__Exercise description__
From the records that follow, return exactly the lines beginning at the one that contains "Результат у Type.AI" and ending at the one that contains "Lovely Party Lace", pictures left out.

__Data shown__
====

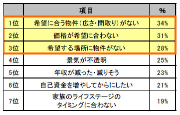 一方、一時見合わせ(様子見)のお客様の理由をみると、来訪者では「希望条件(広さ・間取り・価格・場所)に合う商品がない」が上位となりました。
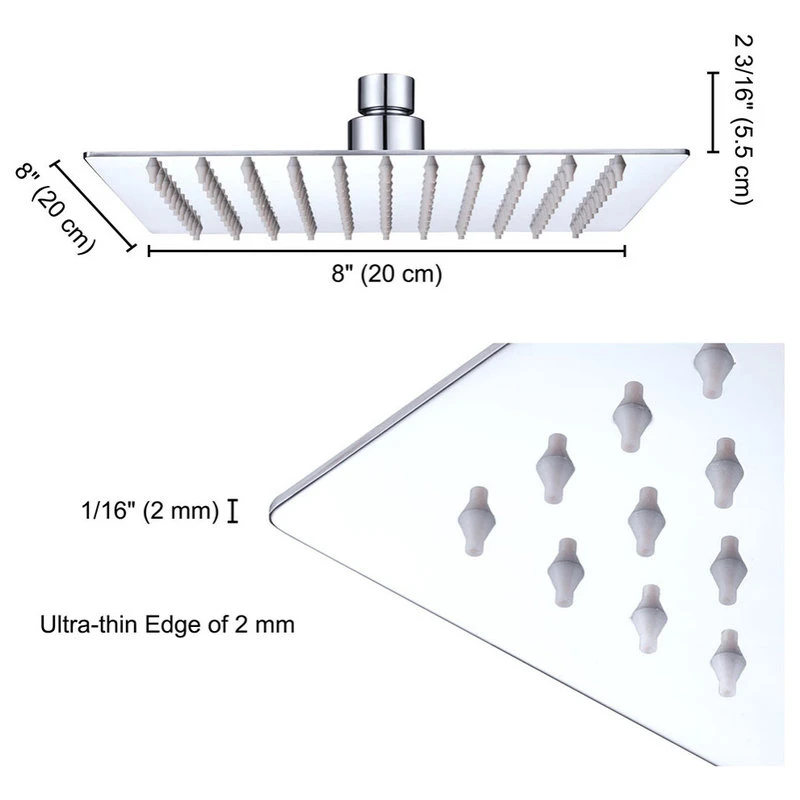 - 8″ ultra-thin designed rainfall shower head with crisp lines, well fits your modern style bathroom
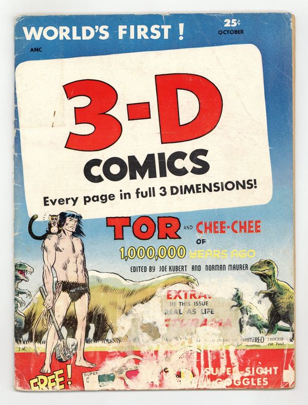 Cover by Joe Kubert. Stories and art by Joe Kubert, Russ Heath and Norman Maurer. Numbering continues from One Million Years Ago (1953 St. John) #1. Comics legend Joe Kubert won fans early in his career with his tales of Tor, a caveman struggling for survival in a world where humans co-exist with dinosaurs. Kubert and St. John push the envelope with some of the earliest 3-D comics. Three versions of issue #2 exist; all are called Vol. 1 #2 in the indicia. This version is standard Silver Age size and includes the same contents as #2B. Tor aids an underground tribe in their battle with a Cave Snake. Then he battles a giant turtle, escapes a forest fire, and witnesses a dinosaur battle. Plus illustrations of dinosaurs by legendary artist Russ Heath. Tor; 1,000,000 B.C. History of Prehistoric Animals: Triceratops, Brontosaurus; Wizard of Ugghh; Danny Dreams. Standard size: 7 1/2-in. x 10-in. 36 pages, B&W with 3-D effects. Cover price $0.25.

====

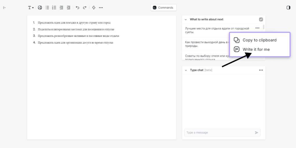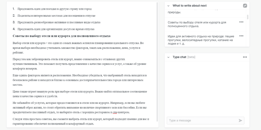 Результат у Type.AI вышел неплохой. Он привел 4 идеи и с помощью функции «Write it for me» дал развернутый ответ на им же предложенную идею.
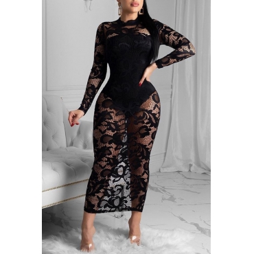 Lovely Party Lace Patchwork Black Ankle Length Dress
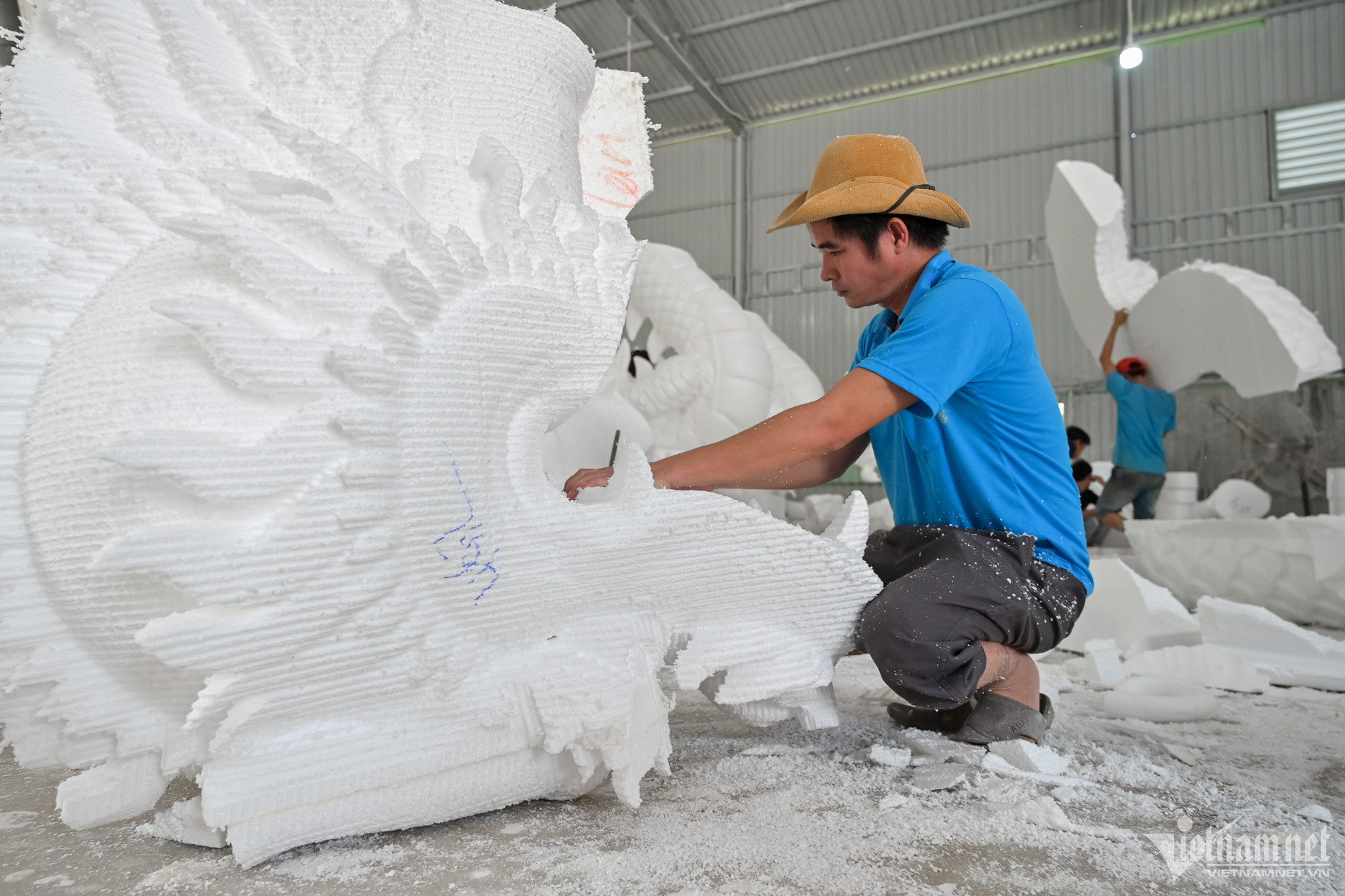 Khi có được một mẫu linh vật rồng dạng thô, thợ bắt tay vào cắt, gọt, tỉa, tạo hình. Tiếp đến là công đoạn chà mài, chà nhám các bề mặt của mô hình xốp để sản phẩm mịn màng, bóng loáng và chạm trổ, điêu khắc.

====

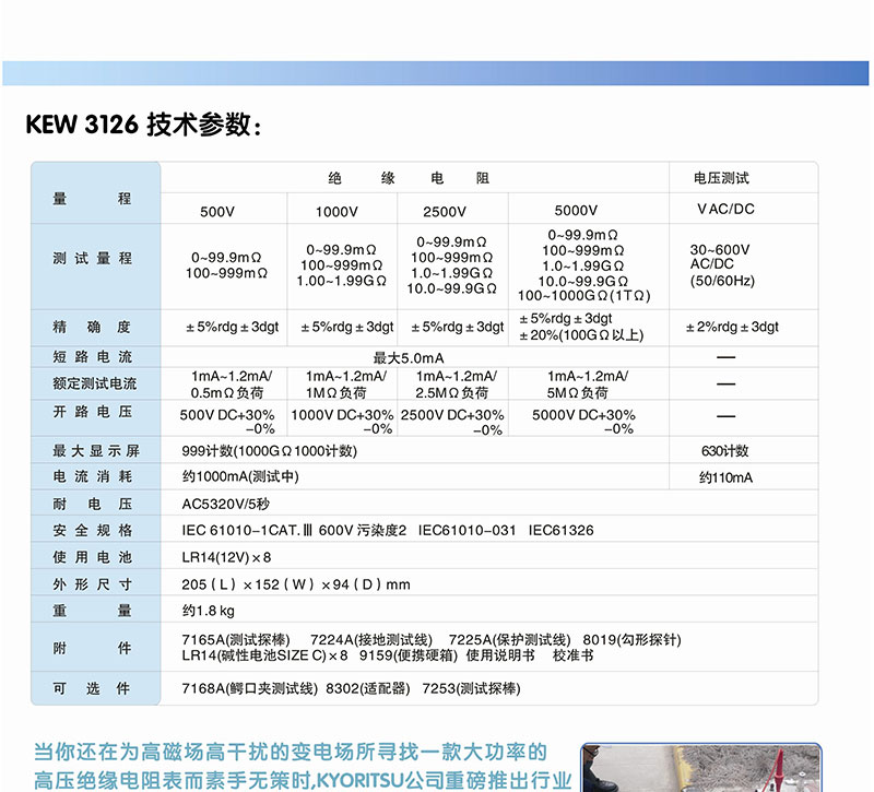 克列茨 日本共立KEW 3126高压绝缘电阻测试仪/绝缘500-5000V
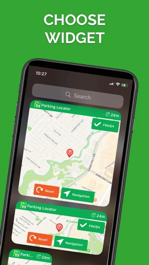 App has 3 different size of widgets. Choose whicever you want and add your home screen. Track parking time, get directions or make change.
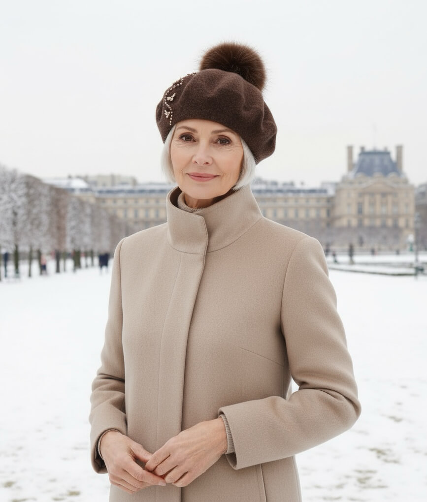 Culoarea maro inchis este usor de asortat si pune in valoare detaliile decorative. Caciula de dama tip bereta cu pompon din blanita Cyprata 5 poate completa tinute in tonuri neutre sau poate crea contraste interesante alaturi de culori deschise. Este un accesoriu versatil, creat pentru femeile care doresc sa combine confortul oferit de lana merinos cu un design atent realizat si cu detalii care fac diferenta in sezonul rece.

====

__Exercise output__
 Результат у Type.AI вышел неплохой. Он привел 4 идеи и с помощью функции «Write it for me» дал развернутый ответ на им же предложенную идею.
 Lovely Party Lace Patchwork Black Ankle Length Dress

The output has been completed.